▸ **RECORDS PROVIDED**:
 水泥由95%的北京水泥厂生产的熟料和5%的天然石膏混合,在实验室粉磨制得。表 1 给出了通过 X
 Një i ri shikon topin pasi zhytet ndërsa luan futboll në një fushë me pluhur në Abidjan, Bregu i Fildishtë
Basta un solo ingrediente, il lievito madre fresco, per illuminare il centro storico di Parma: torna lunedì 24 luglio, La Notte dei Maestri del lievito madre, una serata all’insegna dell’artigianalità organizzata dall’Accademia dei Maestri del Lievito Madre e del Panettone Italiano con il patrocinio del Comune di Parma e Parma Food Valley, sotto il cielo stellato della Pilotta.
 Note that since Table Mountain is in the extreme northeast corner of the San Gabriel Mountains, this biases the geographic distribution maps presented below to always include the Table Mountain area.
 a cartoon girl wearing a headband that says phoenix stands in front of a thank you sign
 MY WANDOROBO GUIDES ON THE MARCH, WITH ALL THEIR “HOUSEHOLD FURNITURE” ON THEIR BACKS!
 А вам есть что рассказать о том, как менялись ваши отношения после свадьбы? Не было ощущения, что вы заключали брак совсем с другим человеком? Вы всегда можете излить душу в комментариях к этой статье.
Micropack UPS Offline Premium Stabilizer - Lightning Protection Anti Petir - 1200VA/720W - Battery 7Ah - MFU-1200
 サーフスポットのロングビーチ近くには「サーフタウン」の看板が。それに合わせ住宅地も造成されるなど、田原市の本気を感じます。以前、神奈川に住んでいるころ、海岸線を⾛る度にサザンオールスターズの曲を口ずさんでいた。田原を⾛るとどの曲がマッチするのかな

* * *

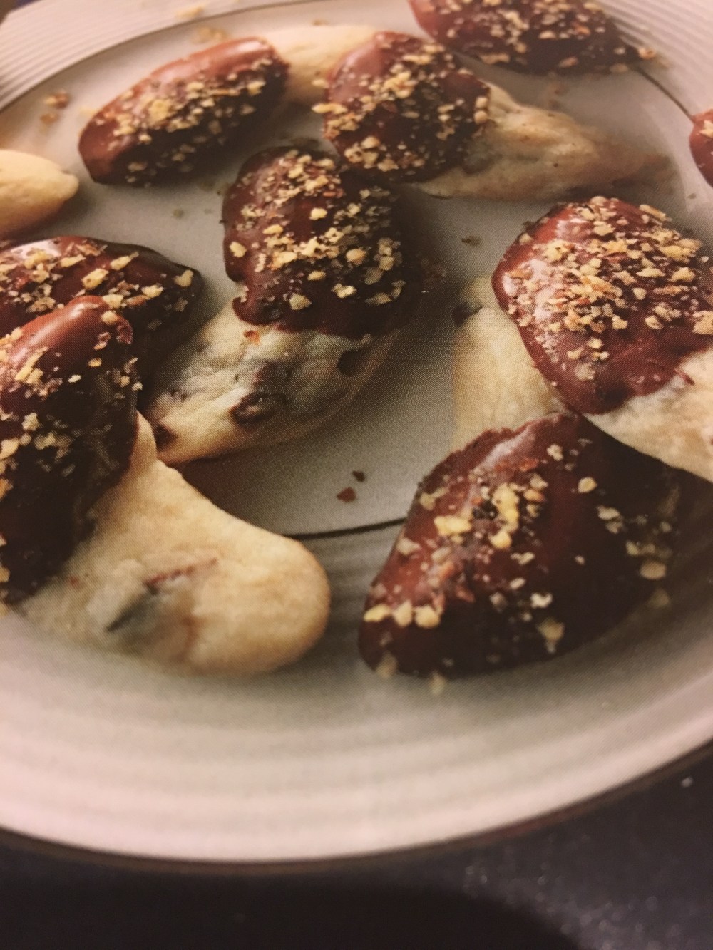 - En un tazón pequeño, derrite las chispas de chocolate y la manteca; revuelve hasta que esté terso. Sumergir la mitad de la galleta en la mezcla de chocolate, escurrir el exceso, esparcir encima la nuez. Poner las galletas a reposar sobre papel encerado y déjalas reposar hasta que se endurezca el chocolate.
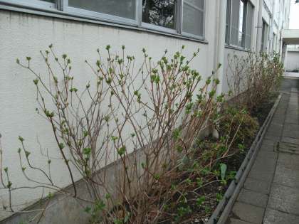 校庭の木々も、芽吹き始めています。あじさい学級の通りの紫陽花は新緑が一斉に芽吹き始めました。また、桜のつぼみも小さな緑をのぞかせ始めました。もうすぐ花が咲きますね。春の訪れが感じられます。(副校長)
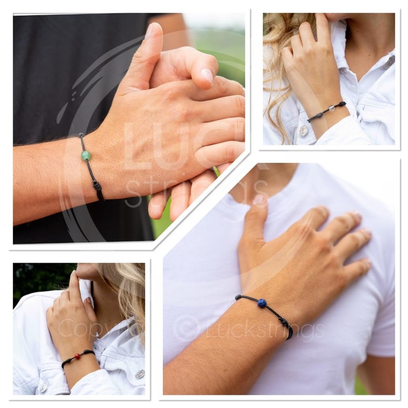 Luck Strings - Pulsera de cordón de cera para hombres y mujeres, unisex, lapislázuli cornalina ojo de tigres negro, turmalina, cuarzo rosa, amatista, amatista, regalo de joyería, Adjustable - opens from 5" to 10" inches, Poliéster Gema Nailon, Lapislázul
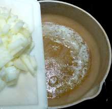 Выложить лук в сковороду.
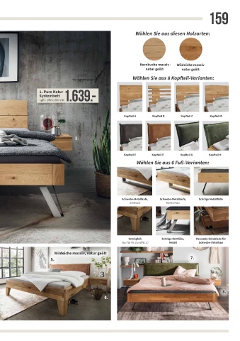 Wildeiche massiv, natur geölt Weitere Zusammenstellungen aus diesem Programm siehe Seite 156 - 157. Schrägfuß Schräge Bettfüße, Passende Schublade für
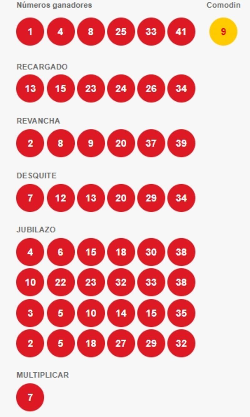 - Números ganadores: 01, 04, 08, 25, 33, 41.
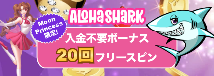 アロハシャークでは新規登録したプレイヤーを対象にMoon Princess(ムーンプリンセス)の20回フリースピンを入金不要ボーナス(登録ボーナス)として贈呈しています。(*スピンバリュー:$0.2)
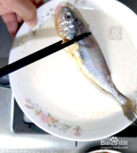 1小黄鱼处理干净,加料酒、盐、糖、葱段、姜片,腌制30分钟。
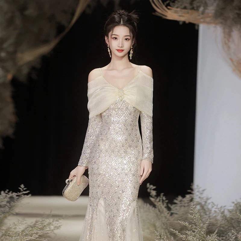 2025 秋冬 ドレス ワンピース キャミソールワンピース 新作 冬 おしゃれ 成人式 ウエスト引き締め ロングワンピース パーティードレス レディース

==

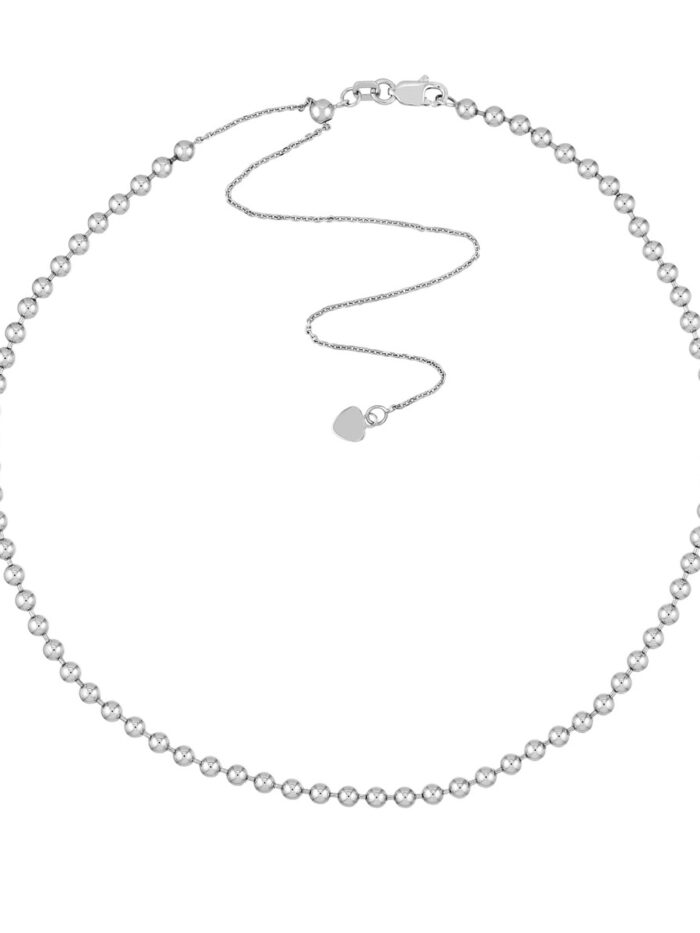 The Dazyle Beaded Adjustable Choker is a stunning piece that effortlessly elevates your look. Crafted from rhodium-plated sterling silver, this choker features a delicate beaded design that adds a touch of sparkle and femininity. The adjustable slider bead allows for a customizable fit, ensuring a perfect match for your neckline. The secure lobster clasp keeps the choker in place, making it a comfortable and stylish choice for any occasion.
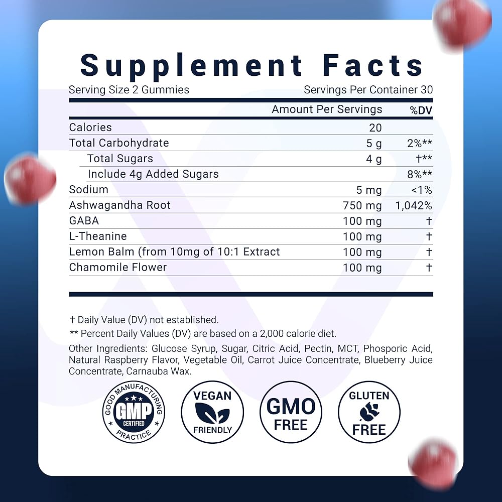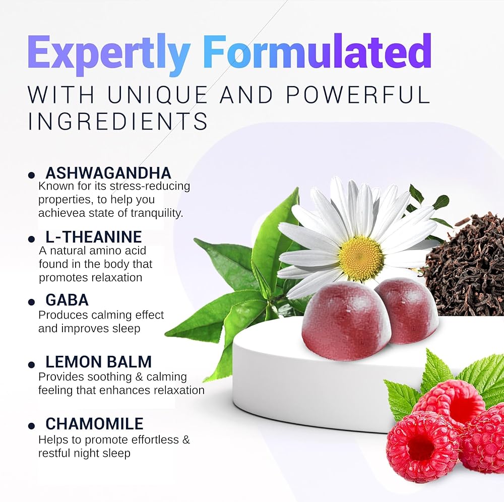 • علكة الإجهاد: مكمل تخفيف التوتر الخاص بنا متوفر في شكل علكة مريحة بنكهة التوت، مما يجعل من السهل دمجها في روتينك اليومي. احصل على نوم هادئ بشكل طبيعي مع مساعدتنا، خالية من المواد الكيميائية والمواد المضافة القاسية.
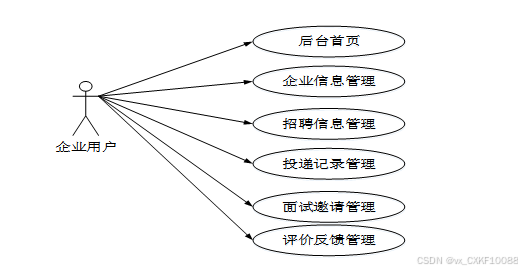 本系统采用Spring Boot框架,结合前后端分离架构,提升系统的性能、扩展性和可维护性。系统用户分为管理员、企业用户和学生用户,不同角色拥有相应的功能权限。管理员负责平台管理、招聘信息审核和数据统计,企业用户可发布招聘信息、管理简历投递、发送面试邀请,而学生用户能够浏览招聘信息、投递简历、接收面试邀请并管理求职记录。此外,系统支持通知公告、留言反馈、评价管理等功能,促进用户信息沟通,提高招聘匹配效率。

▸ **YOUR INSTRUCTIONS**: The lines above from the one with "水泥由95%的北京水泥厂生产的熟料和5%的天然石膏混合,在实验室粉磨制得。表 1 给出了通过" through the one with "サーフスポットのロングビーチ" are to be duplicated exactly, ends included, with nothing added.

▸ **YOUR RESPONSE**:
 水泥由95%的北京水泥厂生产的熟料和5%的天然石膏混合,在实验室粉磨制得。表 1 给出了通过 X
 Një i ri shikon topin pasi zhytet ndërsa luan futboll në një fushë me pluhur në Abidjan, Bregu i Fildishtë
Basta un solo ingrediente, il lievito madre fresco, per illuminare il centro storico di Parma: torna lunedì 24 luglio, La Notte dei Maestri del lievito madre, una serata all’insegna dell’artigianalità organizzata dall’Accademia dei Maestri del Lievito Madre e del Panettone Italiano con il patrocinio del Comune di Parma e Parma Food Valley, sotto il cielo stellato della Pilotta.
 Note that since Table Mountain is in the extreme northeast corner of the San Gabriel Mountains, this biases the geographic distribution maps presented below to always include the Table Mountain area.
 a cartoon girl wearing a headband that says phoenix stands in front of a thank you sign
 MY WANDOROBO GUIDES ON THE MARCH, WITH ALL THEIR “HOUSEHOLD FURNITURE” ON THEIR BACKS!
 А вам есть что рассказать о том, как менялись ваши отношения после свадьбы? Не было ощущения, что вы заключали брак совсем с другим человеком? Вы всегда можете излить душу в комментариях к этой статье.
Micropack UPS Offline Premium Stabilizer - Lightning Protection Anti Petir - 1200VA/720W - Battery 7Ah - MFU-1200
 サーフスポットのロングビーチ近くには「サーフタウン」の看板が。それに合わせ住宅地も造成されるなど、田原市の本気を感じます。以前、神奈川に住んでいるころ、海岸線を⾛る度にサザンオールスターズの曲を口ずさんでいた。田原を⾛るとどの曲がマッチするのかな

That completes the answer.